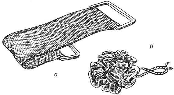 Рис. 4. Нейлоновые мочалки: а) прямоугольная мочалка; б) мочалка-шарик
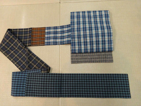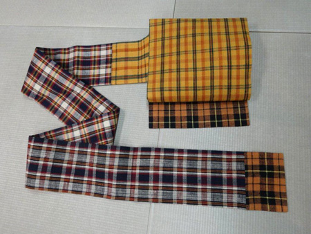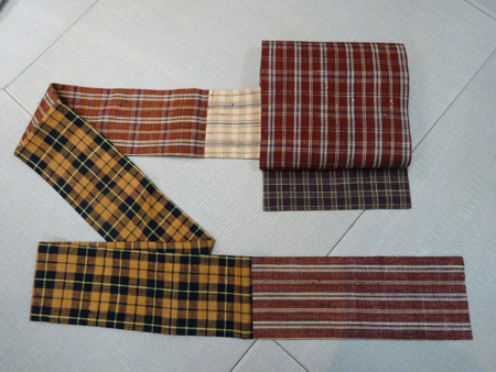 切継ぎの名古屋帯 今回の展示会では、灯屋2の得意技でもある、切継ぎの創作もご用意しております。 こちらは、浦野の布を何色か組み合わせて、味わいのある一本の帯を作りました。 HPでご紹介していない物も、沢山ございます。 どれも素敵で、全て写真でお見せしたいのですが、数が多いので・・・ 是非足をお運びになって、ご覧下さいませ。 切継ぎ名古屋帯 黄色格子のお太鼓柄 青色格子のお太鼓柄 赤色格子のお太鼓柄 どれも 237,600円 海老沢
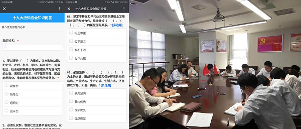 此次党章和党的十九大精神应知应会知识测试,紧密围绕党章和十九大报告,包含了中国共产党的历史使命、习近平新时代中国特色社会主义思想和党的执政能力建设等要点,内容全面,题型多样。创新引入手机端答题方式,单选题、多选题均在“时搏一站式服务官网第八党支部”公众号上答题,支部参与率100%,并实时显示用时、成绩及排名,简答题的笔试安排在A705会议室进行。
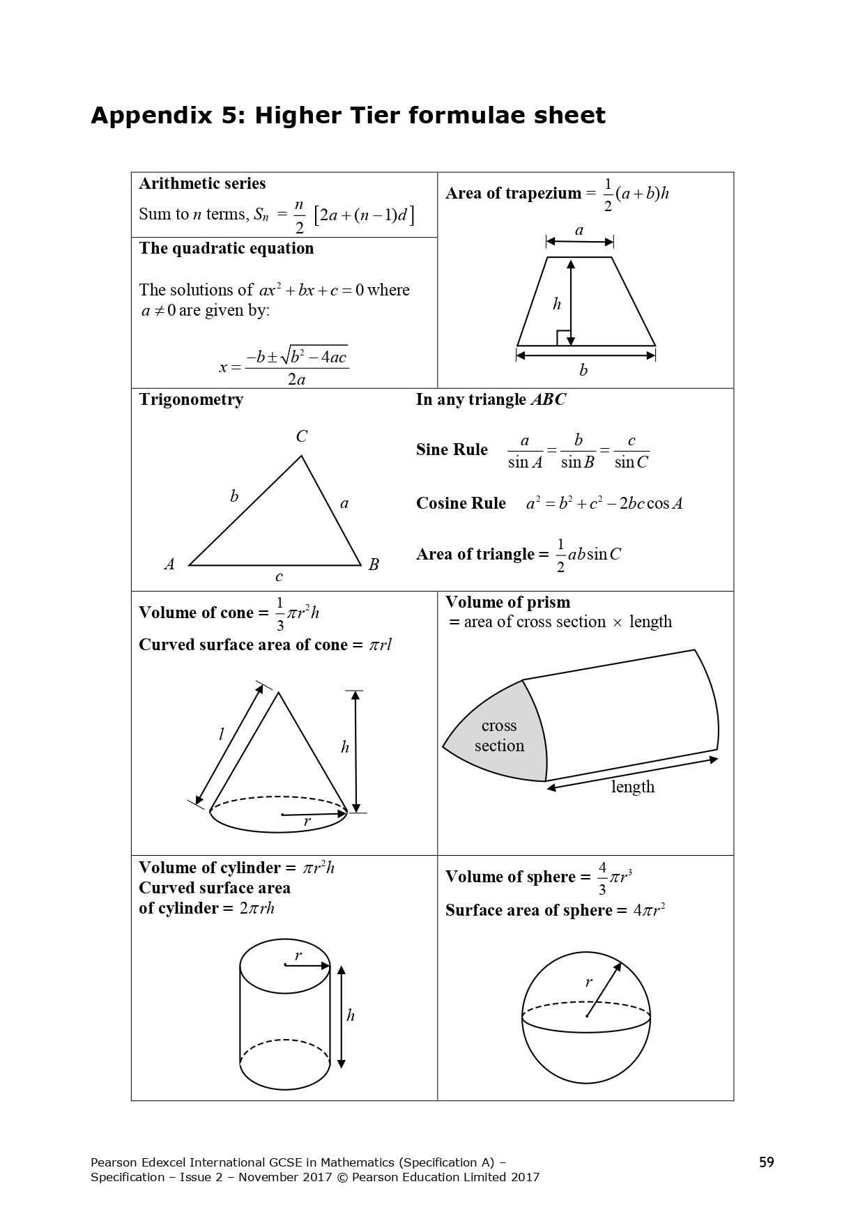 7.4 Appendix 4: Higher Tier Formula Sheet (To Memorise)
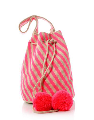 Inspired by the vibrant prints of South America, this playful pompom bag will brighten up classic denim shorts and a white tee.
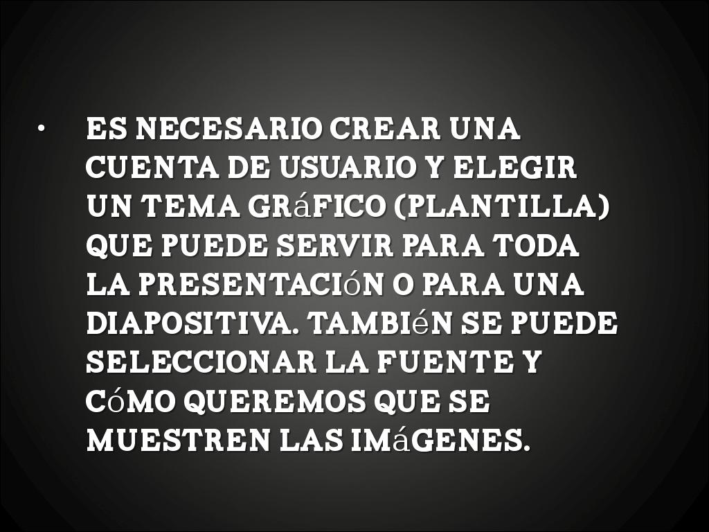 Es necesario crear una cuenta de usuario y elegir un tema gráfico (plantilla) que puede servir para toda la presentación o para una diapositiva. También se puede seleccionar la fuente y cómo queremos que se muestren las imágenes.
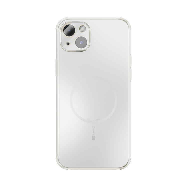 Funda ABEEL MagSafe esmerilada con disipación de calor y película para lente para iPhone 15 Plus (blanca)
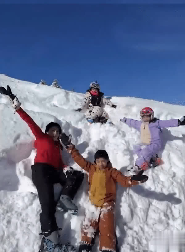 郭晶晶与三儿子一起躺在雪上,每个人都张开手臂扬起雪花,画面写满欢乐与幸福。而这张温馨全家福背后的摄影师,除了霍启刚应该找不出第二人了。
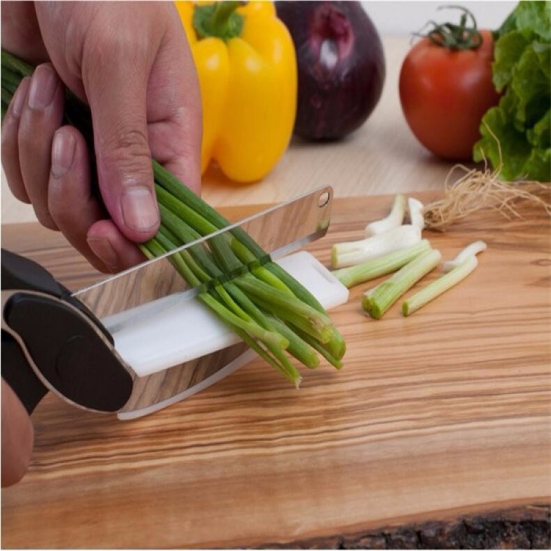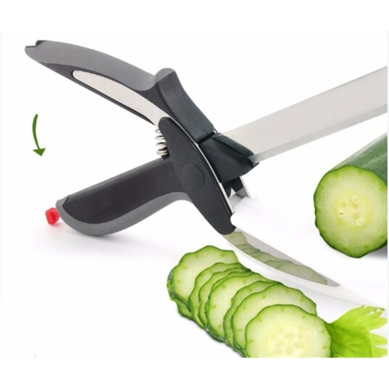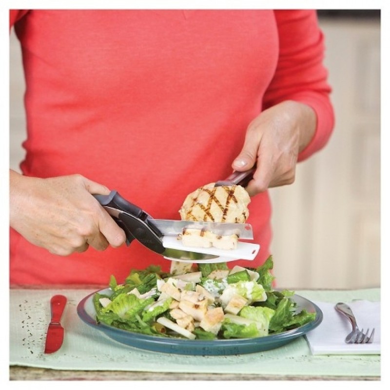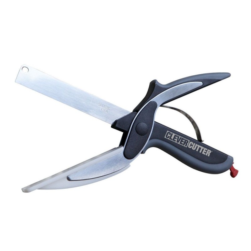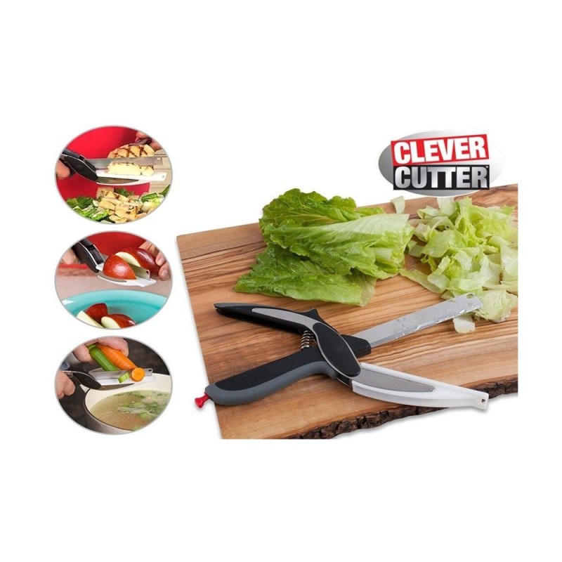 Тайната на ножицата Clever Cutterсе крие в комбинацията на нож + дъска за рязане, с което се постига до 10 пъти по-бъзро нарязване на храната и то директно в съда, за който е предназначена.
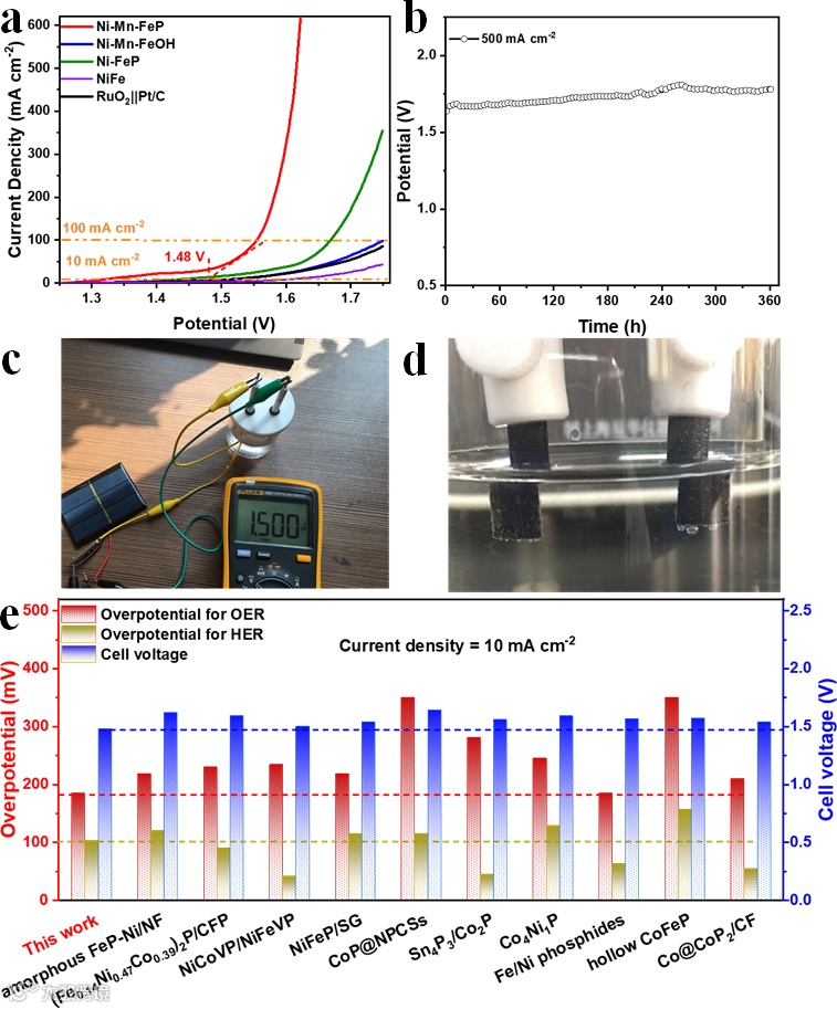 图6. (a)Ni-Mn-FeP及对比样品的 全解水极化曲线。(b)Ni-Mn-FeP在500 mA cm-2电流密度下全解水稳定性。(c)由太阳能电池驱动的双电极体系全解水。(d)全解水工作状态下的双电极体系。(e)Ni-Mn-FeP与近期报道的过渡金属磷化物催化剂的性能对比。
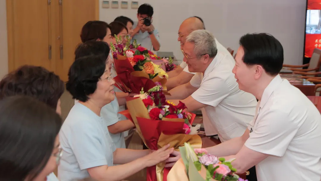 医院领导班子成员深入临床一线,为坚守岗位的护理工作者送上节日的鲜花与祝福。在温馨而庄重的氛围中,院领导为护龄满30年的资深护士颁发纪念奖牌,表彰她们数十年如一日的坚守与奉献。
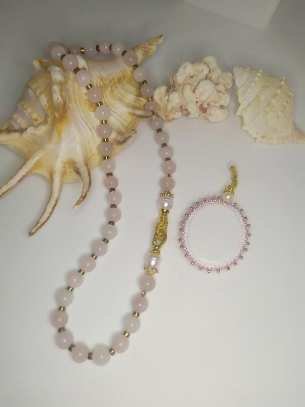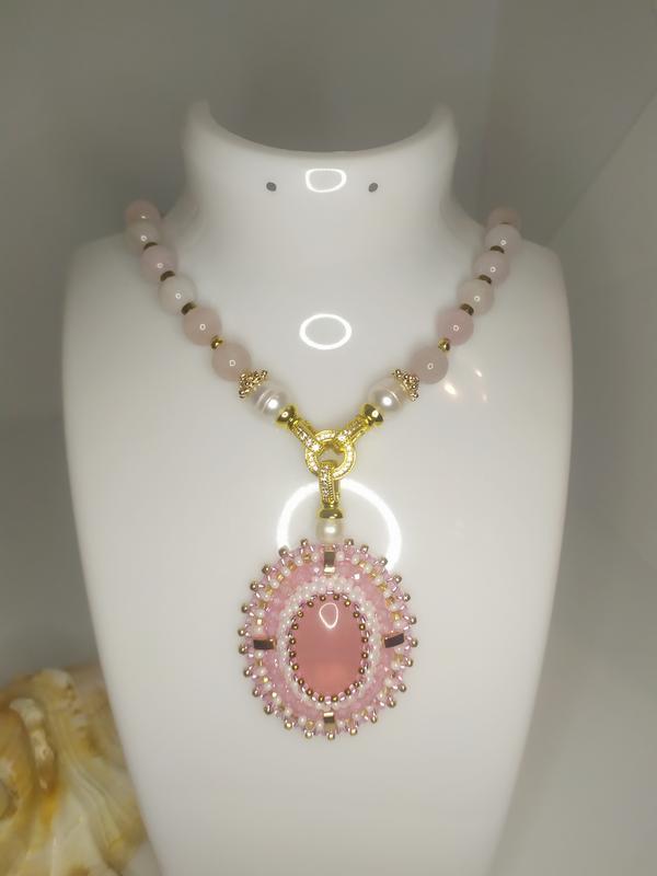 Матеріали: намистини рожевого кварцу 8 мм, річкових перлів 8мм, гематиту; фурнітура - Преміум класу з фіанітами, латунь з позолотою 24К; кабошон рожевого кварцу, чеські скляні елементи, чеський бісер, натуральна шкіра.
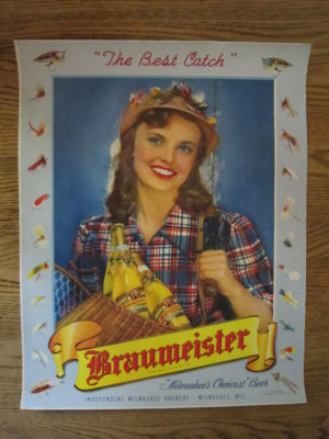 Title (ebay affiliate link): BRAUMEISTER BEER FISHING GIRL & LURES ADV. MILWAUKEE BREWERY VINTAGE 1950's
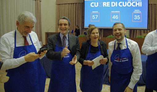 A fine serata infatti ogni tavolo ha espresso un voto per ciascuna portata. La vittoria è andata alla squadra Regione, composta dal governatore Attilio Fontana e dai consiglieri Emanuele Monti, Samuele Astuti e Raffaele Cattaneo, guidati dalla cuoca Elena Merella Paolucci, ideatrice del piatto “Il filo della memoria: i sapori del Campidano”.
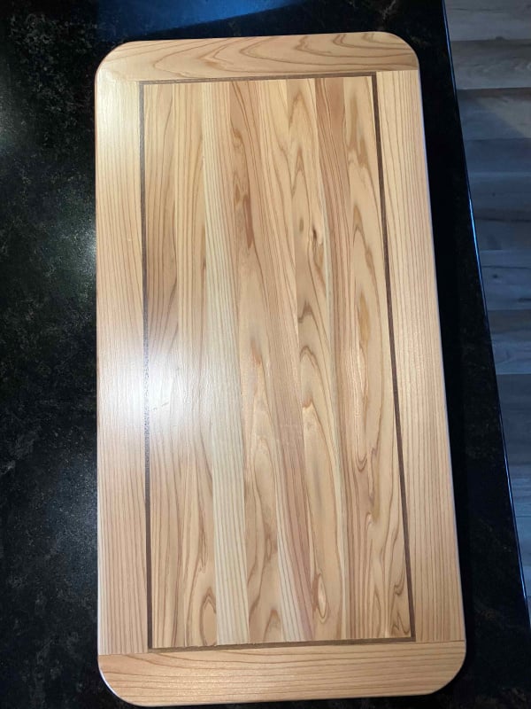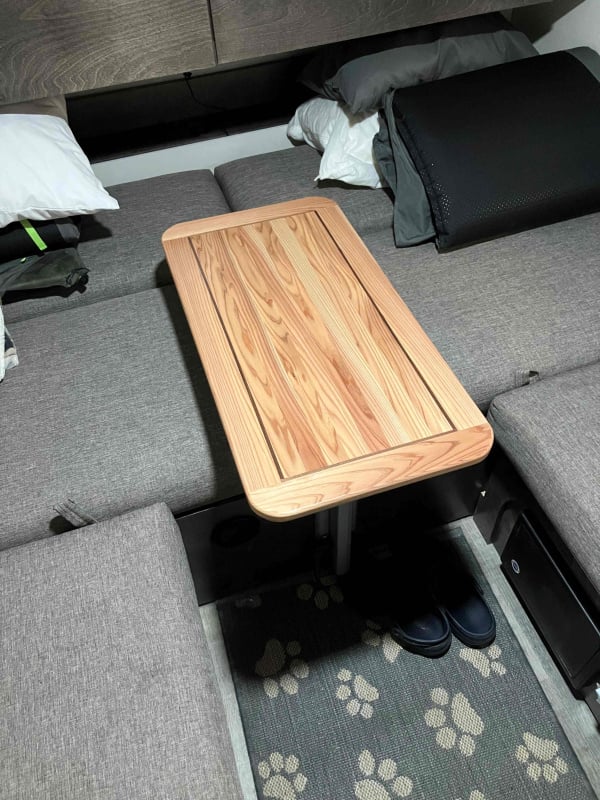 Mad a new indoor table for T@B. Just birch plywood with 3/4 aluminum banding. Matches the wine rack and cup holders I'd already done. May put tempered glass on top of it. 22L x 14w x 3/4h. Cut down Laguna vertical mount a bit so it would lay flatter between then beds.

::::

Aim of the task:
Images do not belong in the copy; reproduce all other parts of the records above verbatim.

Result for this task:
 Рис. 4. Нейлоновые мочалки: а) прямоугольная мочалка; б) мочалка-шарик
 切継ぎの名古屋帯 今回の展示会では、灯屋2の得意技でもある、切継ぎの創作もご用意しております。 こちらは、浦野の布を何色か組み合わせて、味わいのある一本の帯を作りました。 HPでご紹介していない物も、沢山ございます。 どれも素敵で、全て写真でお見せしたいのですが、数が多いので・・・ 是非足をお運びになって、ご覧下さいませ。 切継ぎ名古屋帯 黄色格子のお太鼓柄 青色格子のお太鼓柄 赤色格子のお太鼓柄 どれも 237,600円 海老沢
 此次党章和党的十九大精神应知应会知识测试,紧密围绕党章和十九大报告,包含了中国共产党的历史使命、习近平新时代中国特色社会主义思想和党的执政能力建设等要点,内容全面,题型多样。创新引入手机端答题方式,单选题、多选题均在“时搏一站式服务官网第八党支部”公众号上答题,支部参与率100%,并实时显示用时、成绩及排名,简答题的笔试安排在A705会议室进行。
 7.4 Appendix 4: Higher Tier Formula Sheet (To Memorise)
 Inspired by the vibrant prints of South America, this playful pompom bag will brighten up classic denim shorts and a white tee.
 Es necesario crear una cuenta de usuario y elegir un tema gráfico (plantilla) que puede servir para toda la presentación o para una diapositiva. También se puede seleccionar la fuente y cómo queremos que se muestren las imágenes.
 Funda ABEEL MagSafe esmerilada con disipación de calor y película para lente para iPhone 15 Plus (blanca)
 郭晶晶与三儿子一起躺在雪上,每个人都张开手臂扬起雪花,画面写满欢乐与幸福。而这张温馨全家福背后的摄影师,除了霍启刚应该找不出第二人了。
 Тайната на ножицата Clever Cutterсе крие в комбинацията на нож + дъска за рязане, с което се постига до 10 пъти по-бъзро нарязване на храната и то директно в съда, за който е предназначена.
 图6. (a)Ni-Mn-FeP及对比样品的 全解水极化曲线。(b)Ni-Mn-FeP在500 mA cm-2电流密度下全解水稳定性。(c)由太阳能电池驱动的双电极体系全解水。(d)全解水工作状态下的双电极体系。(e)Ni-Mn-FeP与近期报道的过渡金属磷化物催化剂的性能对比。
 医院领导班子成员深入临床一线,为坚守岗位的护理工作者送上节日的鲜花与祝福。在温馨而庄重的氛围中,院领导为护龄满30年的资深护士颁发纪念奖牌,表彰她们数十年如一日的坚守与奉献。
 Матеріали: намистини рожевого кварцу 8 мм, річкових перлів 8мм, гематиту; фурнітура - Преміум класу з фіанітами, латунь з позолотою 24К; кабошон рожевого кварцу, чеські скляні елементи, чеський бісер, натуральна шкіра.
 Title (ebay affiliate link): BRAUMEISTER BEER FISHING GIRL & LURES ADV. MILWAUKEE BREWERY VINTAGE 1950's
 A fine serata infatti ogni tavolo ha espresso un voto per ciascuna portata. La vittoria è andata alla squadra Regione, composta dal governatore Attilio Fontana e dai consiglieri Emanuele Monti, Samuele Astuti e Raffaele Cattaneo, guidati dalla cuoca Elena Merella Paolucci, ideatrice del piatto “Il filo della memoria: i sapori del Campidano”.
 Mad a new indoor table for T@B. Just birch plywood with 3/4 aluminum banding. Matches the wine rack and cup holders I'd already done. May put tempered glass on top of it. 22L x 14w x 3/4h. Cut down Laguna vertical mount a bit so it would lay flatter between then beds.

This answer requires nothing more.